With every race there are going to be a few not so great things about it. I have accumulated a few complaints through the course of the day, but only a few. Here’s where the trouble began for Cecilley and I apparently if you’re running any race in France you require a medical certificate from a doctor giving you consent to run. I did not know this. Maybe all European races require a medical certificate I don’t know, but learn from my mistake and make sure you have this prior to to picking up your race kit. Lucky for me my cousin is a doctor (thank you, Eric!) and sent an email indicating I am physically capable to run the race, but before his note came through Cecilley and I were freaking out. What was supposed to be a casual shake out run, the day before, to the expo turned out to be a few hours of hectic running amuck trying to track down a doctor to sign our papers. Given it was Saturday, we were having terrible luck. Once my home support came through Cecilley and I zipped back to the expo before closing to claim our bib numbers and race packs. They ran out of race packs. I was not impressed. So after all that we didn’t even get a shirt or a few samples.
Not only did the race not have enough shirts apparently they were in short supply of food and medals too. This isn’t a good sign when you know how many participants you have running beforehand.
Areas the race could improve on is its overall organization. Make sure runners know what’s going on and what they can expect. The race began at 10am (not a bad time to start) but the fact they sent corals out in waves of gapped time (again not to our knowledge) meant that Cecilley and I didn’t start until and hour later. We were waiting around for what felt like a really long time.

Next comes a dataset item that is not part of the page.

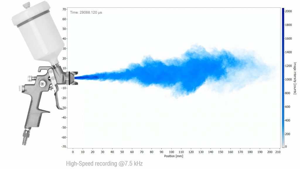 Hochgeschwindigkeitsaufnahmen für eine lückenlose Analyse des Sprühvorgangs - Erfassung kleinster Partikelbewegungen:
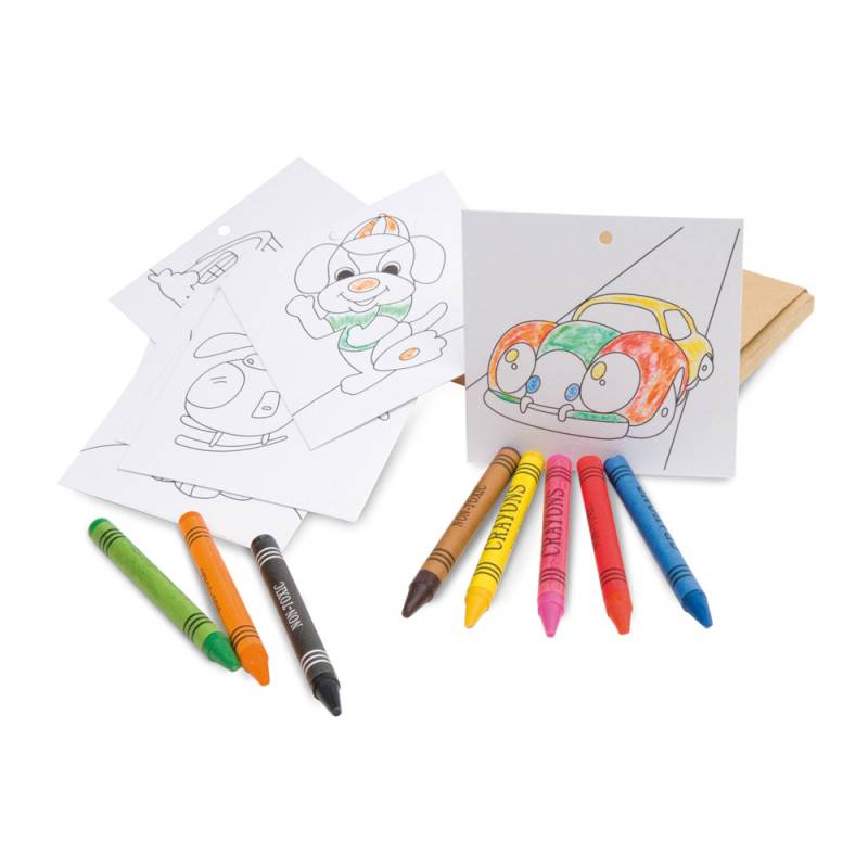 Включва 8 пастела и 8 картички с рисунки за оцветяване и окачване.

If that’s the case let people know their group start time in advance to better prepare and cut down on the number of people before and after. The water stations were also a bit of a miss having them spaced out at 5k intervals which caused way too much commotion. Stations were also set up on just one side of the street. Another recipe for a runners pile up. I avoided the water stations at all costs, not because I didn’t need water, but because I was afraid of getting trampled on! These runners were intense. I have to say of all the races I’ve participated in this one was by far the most pushy and aggressive. Even during the run I found it hard to settle into a groove and maneuver around people. It’s to be expected for obvious reasons, but for some reason it felt different.
I don’t want to sound like a terrible complainer because the good parts of the race diffentately out way the bad, I personally feel with fewer participants this could have been a much smoother operation.
Next up for me is the Paris Marathon with just over a month to go. Now that I have a better idea of where I’m at – I felt good and on track for a good marathon time if I had to of run further on Sunday. The goal now is to find a new place to train from and live, possibly find myself some new running companions, and get my long runs in each week. This is very important from here on out. And of course learn some French along the way. Bonsoir! (Or bonjour wherever you happen to be!)